--- START ---
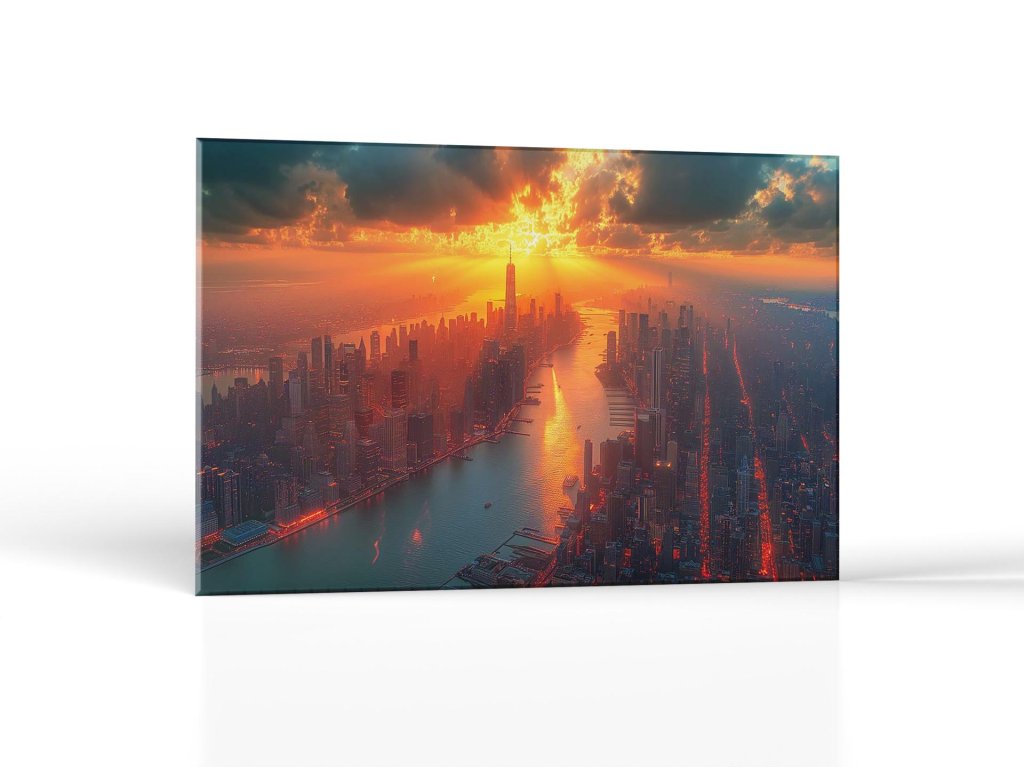 Slnko klesá za horizont, zatiaľ čo jeho posledné lúče osvetľujú mesto a odrážajú sa na rieke, čo vytvára dojem rozžiareného mesta. Vysoké mrakodrapy a dlhé ulice sa lesknú v teplom večernom svetle, zatiaľ čo mesto sa ponára do tichej večernej atmosféry. Táto scéna zachytáva dynamiku mestského života upokojujúcou krásou zapadajúceho slnka.
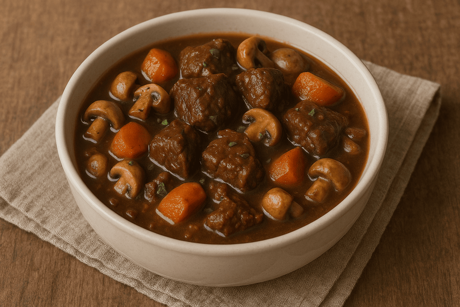 Bœuf mijoté au vin rouge avec légumes et lardons, accompagnement au choix
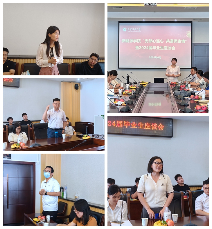 座谈会上,老师们对同学们大学四年中取得的成绩表示祝贺,对大家展现出的良好班风、学风进行了肯定,为即将开启人生新征程的毕业学子送上诚挚祝福并寄予美好期望。临别之际,各班主任不忘送上殷殷嘱托,希望同学们今后无论走到哪里、从事何种职业,都要发扬公司“四实一新”的精神品质,用实际行动争做有志气、有骨气、有底气的新时代的新新能人,公司永远是同学们的坚强后盾。座谈会在轻松愉悦的氛围中进行,毕业生代表们畅所欲言,回顾在校求学的收获和感悟,畅谈对未来的规划与憧憬,在专业学习、学风建设、实习实训及求职就业等方面为公司发展建言献策,言语间饱含着对老师、对同学的感激和眷念。各系主任和专任教师纷纷对同学们送上祝福,希望每一位毕业生能够坚定理想信念,练就过硬本领,把握时代机遇,做到眼中有光、脚下有路、心里有劲,在青春赛道上奋勇奔跑,与伟大时代双向奔赴,彰显出新能源学子的责任与担当。在座谈会的尾声,有的支部齐唱《常回家看看》,有的支部为毕业学子准备了毕业蛋糕,教师代表和员工代表共同完成毕业蛋糕的第一切。融洽的互动氛围寄托着全体老师对同学们的殷切期望和深切祝福,四年的青春虽已落幕,但属于2024届毕业生们的崭新未来,也由此揭开序幕。
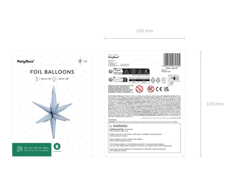 Beschreibung Bewertungen Über dieses Produkt Folienballon gefrosteter 3D-Stern in nebligem Blau, Maße vor dem Aufblasen ca. 53 x 62 cm (21 x 24''), Maße nach dem Aufblasen ca. 50 cm (20''). Mit Luft aufblasen. Das Set enthält einen Strohhalm. Trustpilot
--- END ---
▶ [Exercise directions]:
Reproduce exactly the lines from the beginning of the material down to the line containing "Bœuf mijoté au", both ends included, but not the pictures or anything after.

▶ [Exercise result]:
 Slnko klesá za horizont, zatiaľ čo jeho posledné lúče osvetľujú mesto a odrážajú sa na rieke, čo vytvára dojem rozžiareného mesta. Vysoké mrakodrapy a dlhé ulice sa lesknú v teplom večernom svetle, zatiaľ čo mesto sa ponára do tichej večernej atmosféry. Táto scéna zachytáva dynamiku mestského života upokojujúcou krásou zapadajúceho slnka.
 Bœuf mijoté au vin rouge avec légumes et lardons, accompagnement au choix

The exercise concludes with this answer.